In January, 1790, Slater inspected the Pawtucket works of Smith Brown, Moses’ nephew, and Moses’ son-in-law William Almy and advised the partners that their machinery was unworkable. After some negotiations and a trial period, Slater signed a partnership agreement with Almy and Smith Brown, persuaded them and Moses to write off the machinery they had optimistically collected, and with other craftsmen either rebuild the machinery or build new units. Among those involved were Sylvanus Brown (no relation to Moses), who cut the wooden parts, and David Wilkinson, who did the metal work, assisted by Pliny Earle, a Quaker from Leicester, Massachusetts, who made the hand cards, and an elderly African American named Samuel Brunius Jenks. By the end of the year, the machinery was installed in Ezekiel Carpenter’s fulling mill.
The next several years were a time of frustration for Slater, who tried unsuccessfully to introduce modern management methods into the new concern. He considered his responsibility to deliver the most yarn possible and that of his partners to develop markets in which to sell this yarn. Slater’s partners, however, were reluctant to manufacture anything until orders had been secured. In 1793, a 49-by-29-foot building containing two floors and an attic was constructed about 20 rods up the Blackstone River from Carpenter’s mill, and there Slater organized the machinery for maximum production. Slater also encouraged narrowing the scope of manufacture so that the mill specialized in producing a great volume of a few basic items, thereby functioning as a wholesale outlet for shops along the entire eastern seaboard. Still frustrated by his partners’ conservatism, Slater in 1797 constructed the White Mill, directly across the river from the Old Slater Mill, in partnership with his father-in-law and several brothers-in-law.
Significance
By 1827, Slater held no fewer than thirteen separate partnerships throughout New England. Soon, some 165 cotton mills were working to full capacity in New England. America had entered the Industrial Age, and Samuel Slater’s contribution fully justified the title bestowed on him by Andrew Jackson, Father of American Manufactures.
Bibliography
Gordon, John Steele. “Technology Transfer.” American Heritage 41, no. 1 (February, 1990): 18. Recounts how Slater brought the textile industry to America in the late eighteenth century.

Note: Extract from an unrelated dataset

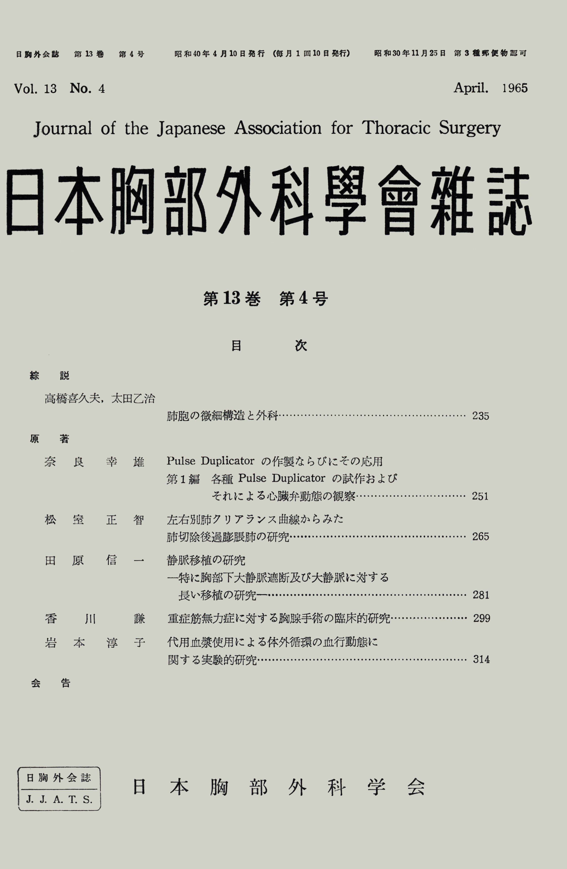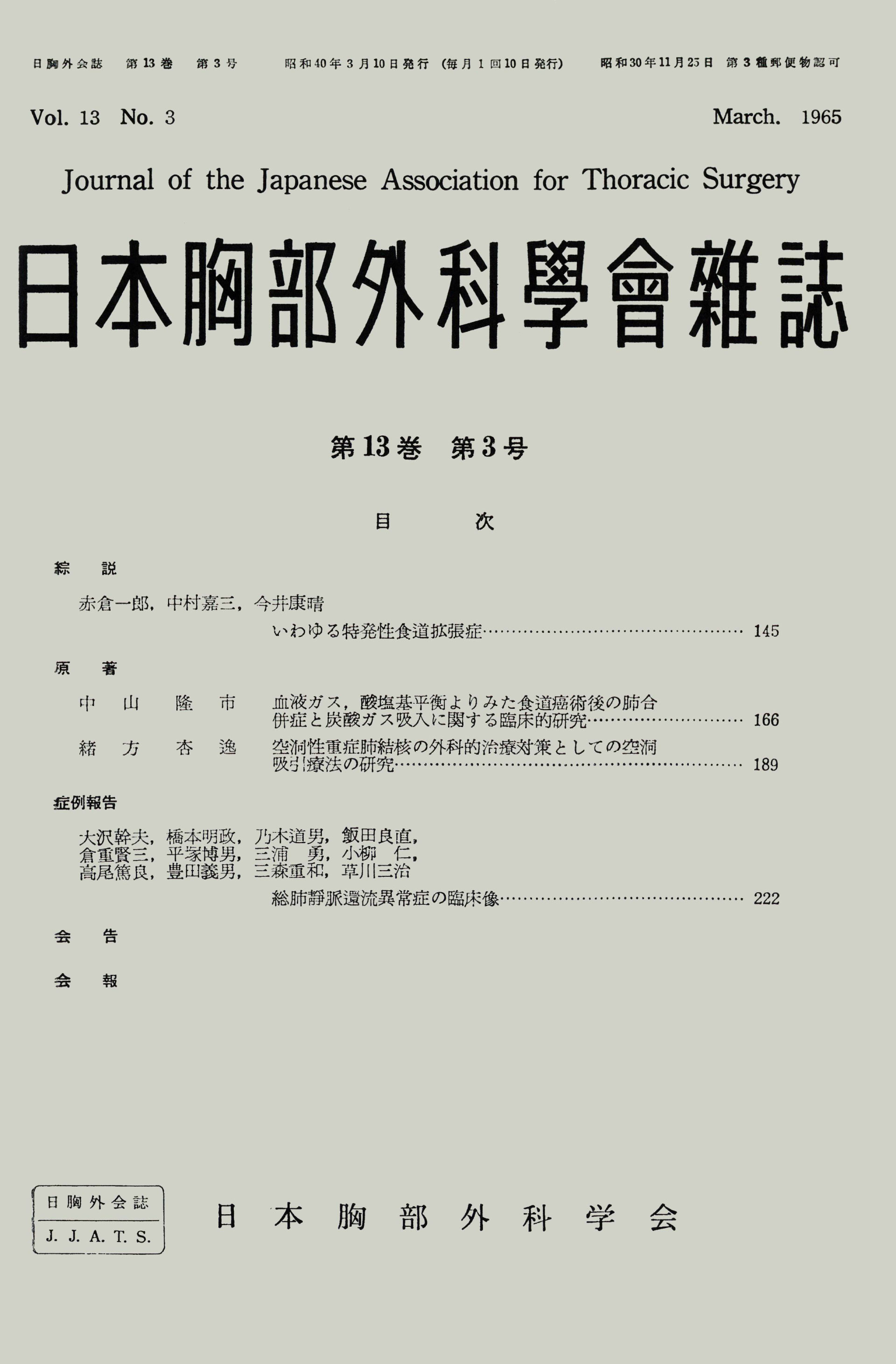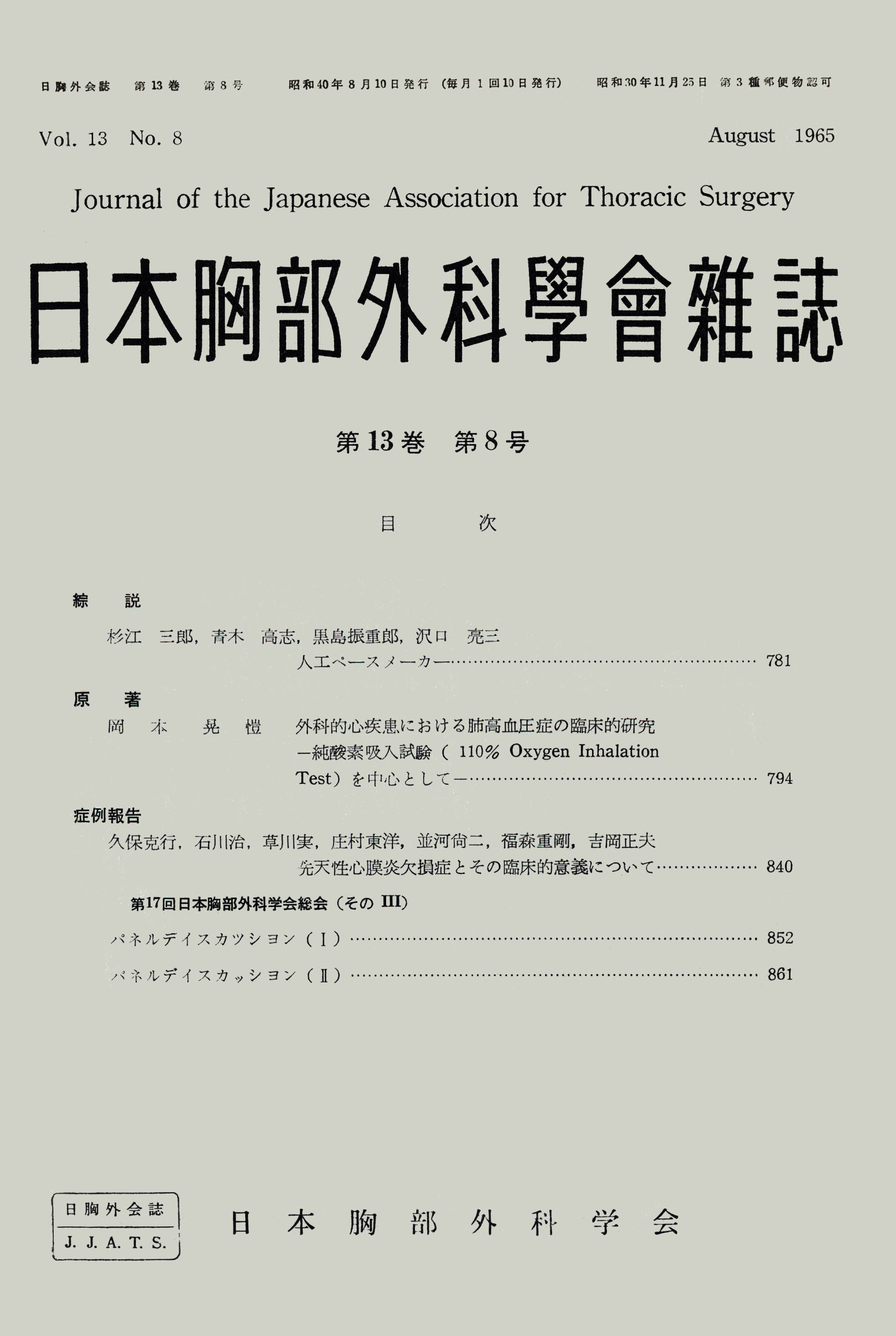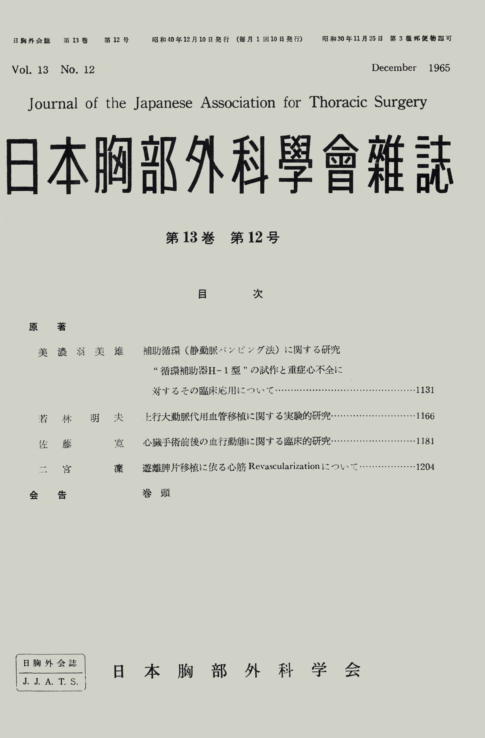 > 日本胸部外科学会雑誌 (1965)

Pursell, Carroll W. The Machine in America: A Social History of Technology. Baltimore: Johns Hopkins University Press, 1995. This history of the Industrial Revolution includes information about Slater and changes in the American and British textile industries.
Rivard, Paul E. Samuel Slater: A Short, Interpretive Essay. Pawtucket, R.I.: Slater Mill Historic Site, 1974. Although brief (twenty-nine pages), this booklet provides a comprehensive interpretive essay on Slater’s role in the birth of the American textile industry.

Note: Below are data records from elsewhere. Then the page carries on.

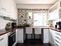 - Keittiön varusteet: Jääkaappipakastin, astianpesukone, liesi ja liesituuletin. Liesi: Keraaminen liesi. Keittiö remontoitu 2016.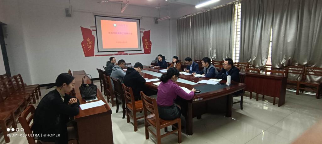 10月9日下午,太阳集团tyc138在社科楼107会议室召开教学工作座谈会。党总支书记李赟、副院长郑娇娇、教学秘书李春云、教学干事徐西良、学工干事郝昊、教务员崔浩以及各教研室主任参加了座谈会。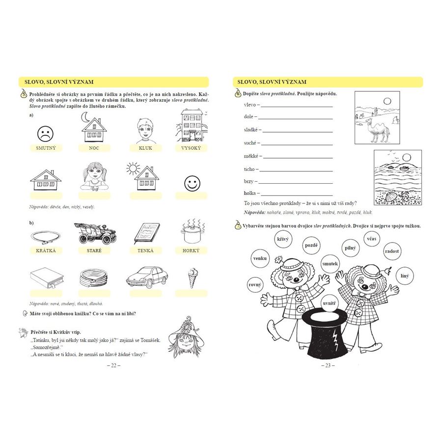 Najdete zde ukázky z krásné literatury, doplňovačky, hádanky, rébusy, hry, soutěže, vtipy, cviky k protažení těla a náměty na skupinovou práci.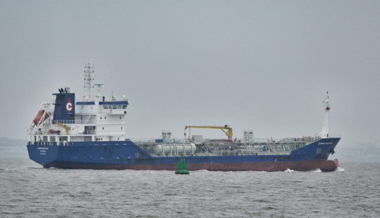Return to "Ships on the Mersey and high and low tides on Tuesday, November 7" Capewater Capewater, a tanker on the Mersey. Picture by Tony McDonough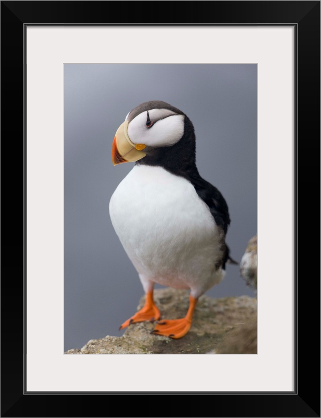 <p>Horned Puffin with wings outstretched, Saint Paul Island, Pribilof Islands, Bering Sea, Southwest Alaska</p>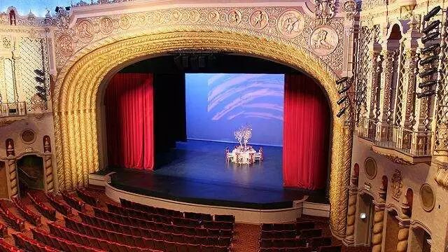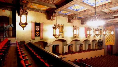 剧场建于1923年至1927年间,建筑师Arthur Burnett Benton以Mission Revival的风格设计了剧场,这座1387座位的剧院在它的彩绘和雕刻天花板上有着美洲原住民的影响,天花板上悬挂着19世纪在船上使用的西班牙灯笼的复制品,西班牙阿方索十三世国王赠送的编织挂毯在剧院的两侧,该剧院拥有一座完全修复的1924年Wurlitzer管风琴,原先为纽约布鲁克林的阿尔比剧院建造。

Thompson, Mack. Moses Brown: Reluctant Reformer. Chapel Hill: University of North Carolina Press, 1962. Contains a chapter on the Pawtucket story, with emphasis on Moses Brown.

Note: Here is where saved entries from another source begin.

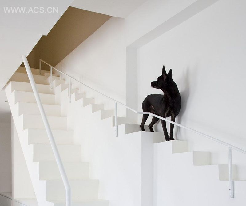 When designing the renovation of this home in Vietnam, designers at 07BEACH included half-size stairs for the small dogs that lived there, enabling them to more easily walk up the stairs.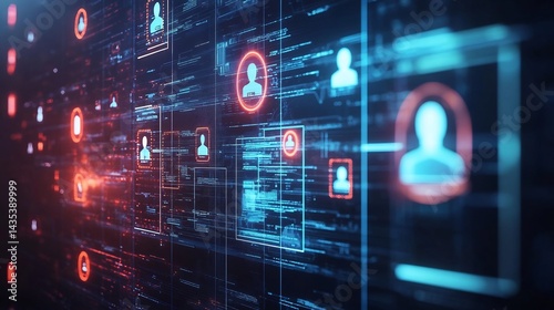 Holographic selection board displaying profile of top job candidate glowing icon next each one indicating key strength futuristic take talent selection using advanced digital effect glowing icon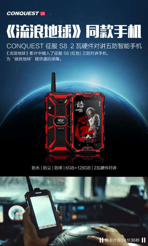 在地球表面已經(jīng)無法讓人類生存的條件下,通訊設(shè)備抗壓能力的重要性顯而易見。CONQUEST征服S8三防手機(jī),就在《流浪地球》的科幻故事中亮相;劉啟帶著朵朵離開地下城,偷拿了姥爺?shù)淖C件來到地面,在重型卡車?yán)镉?/span>CONQUEST征服S8查詢信息,在惡劣的室外條件下實現(xiàn)精準(zhǔn)定位,面對地面上未知的危險與極差的通訊條件,CONQUEST征服S8仍能流暢運(yùn)行,征服一切不平,為劉啟一行人指明前路。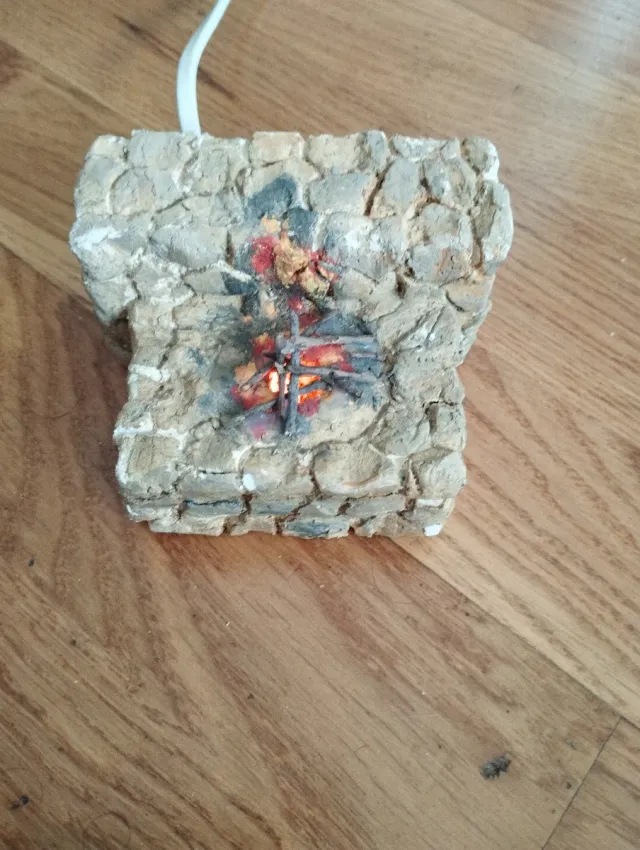 Precioso fogón artesanal para belenes. Representa un hogar rústico con detalles cuidados. - Diseño de piedra. - Efecto fuego realista.

Ward, Nathan. “1790.” American Heritage 41, no. 8 (December, 1990): 42. Commemorates the opening of the Pawtucket mill in December, 1790. Describes Slater’s role in opening the mill and his adaptation of Arkwright’s spinning machine.
White, George S. Memoir of Samuel Slater: The Father of American Manufactures. 1836. Reprint. New York: Augustus M. Kelley, 1967. Still the most definitive source of factual information, White’s work assembles and preserves much personal detail, including a wide selection of Slater’s correspondence and other primary documents concerning his life and career.